There is no such magic piece of code as “runtime that just plugs into the host OS function calls”. This one is really the system abstraction layer, which hides all system incompatibilities. But there is no one-to-one mapping among features of different OSes, so no such universal abstraction could exist. Each time the runtime is ported to new OS, it becomes clear that at one hand, the OS doesn’t provide some features necessary for the language and at other hand, some features of the OS are not covered by the language.

That depends on if it gets integrated with the package manager on all the POSIX OS variants. It will take time.

I hope they use wxWidgets or some similar gadget library for their API wrappers.

No. WASM “is” JavaScript just in a “binary notation”. The byte code is run “inside a JavaScript VM” so it has the same problems as JavaScript has.

I’ve worked with WASM before and it is a pain… any language which returns “undefined” or doing “nothing” in case of errors instead of throwing exceptions that you can actually trace and debug making you hunt bugs for many days is a crap language.

You’re still using it in a browser? I feel for you. Ugh! Maybe that’s why there is so much demand to drop the JavaScript-based sandbox and use it for native applications like the Bytecode Alliance is doing.

No, I’ve used WASM in browser, node.js and similar. The problem is not “where” it runs but that it runs “inside a JavaScript VM”… no matter how you twist and turn it. And this “alliance” crap is changing exactly nothing on that matter because the entire WASM construct breathes and oozes JavaScript through all its pores due to the way it is designed. You can’t flee the crappy heritage no matter where you go.

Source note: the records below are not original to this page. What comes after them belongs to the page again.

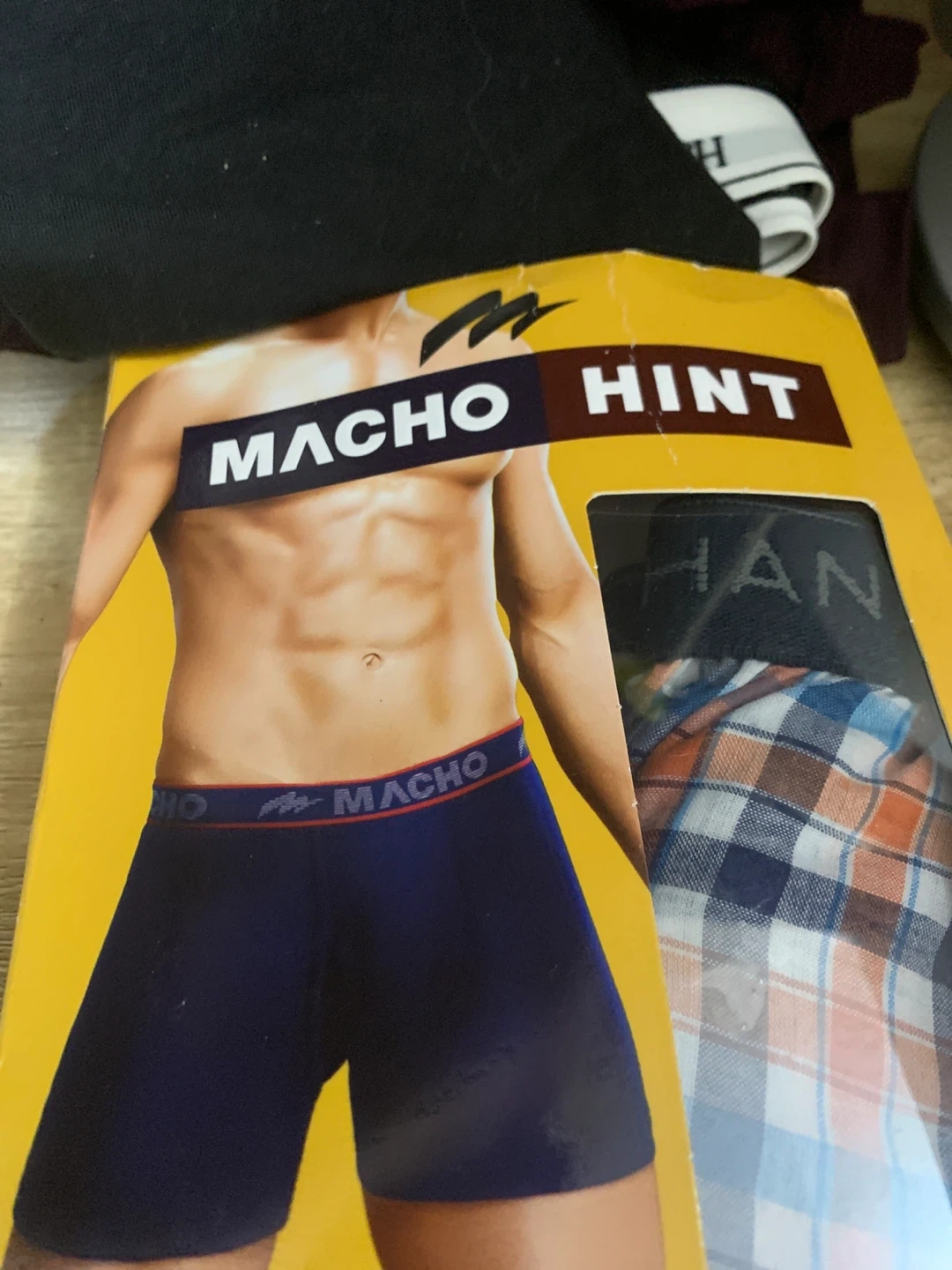MACHO HINT boxer briefs. Includes one pair of navy blue boxer briefs and one pair of plaid boxer briefs. Soft elastic waistband.There 5 new underwear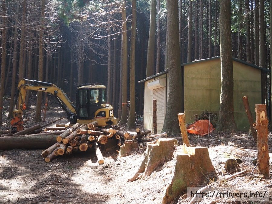プレハブ小屋がある林道終点まで到着しました。所々にネコノメソウ属やキケマン属の植物を見かけました。ここからが登山地図では破線コースになっています。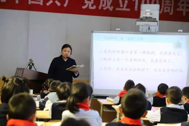 邓丹老师的《枫树上的喜鹊》,她抓住“喜欢”这个核心词语,指导朗读句子,把学生代入角色。在对喜鹊阿姨和喜鹊弟弟角色的真切体验中,投入自己的情感。

Please, please read up on how V8 runs before anyone else makes uneducated statements on how slow it is. Pay particular attention to the compilation pipeline and code generation

Then read it again

Then read up on Webassembly, LLVM, etc

I was at a React conference in San Francisco a few months ago where the guy behind Docker stated that if Webassembly was as mature now as it was then, they’d not have created Docker.

3 Likes

Sort of, it’s attached to the DOM through the JS VM, but it is not a JS VM it is it’s own thing… obviously it is immature but as such things are actually used such pet peeves can get fixed.

Also the intention was to remove this limitation at some point from what I remember it was just faster to do the initial implementation this way.